REQUIRED ACTION = Give again, word for word, the lines below that run from the line with "Second VIP head" through the line with "Outdoor fitness classes". Drop the pictures.

AVAILABLE RECORDS =
----
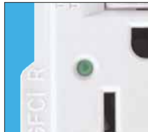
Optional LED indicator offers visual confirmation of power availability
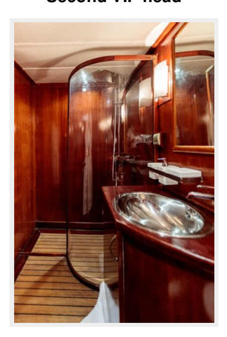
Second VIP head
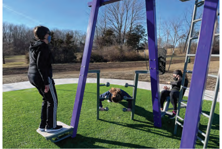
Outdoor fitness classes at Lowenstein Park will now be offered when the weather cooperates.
----
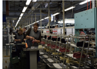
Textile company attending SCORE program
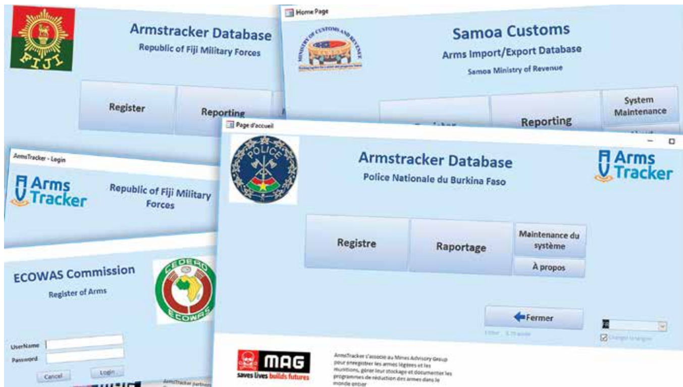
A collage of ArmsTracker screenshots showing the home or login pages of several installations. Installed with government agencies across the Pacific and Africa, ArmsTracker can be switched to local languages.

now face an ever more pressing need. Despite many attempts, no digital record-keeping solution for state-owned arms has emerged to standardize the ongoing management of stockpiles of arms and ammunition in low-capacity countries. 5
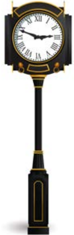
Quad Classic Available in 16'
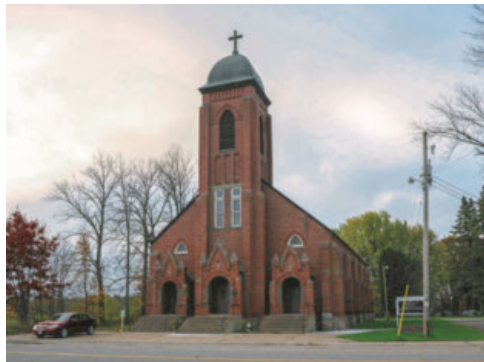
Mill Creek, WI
----
ANSWER SPACE =
Second VIP head
Outdoor fitness classes at Lowenstein Park will now be offered when the weather cooperates.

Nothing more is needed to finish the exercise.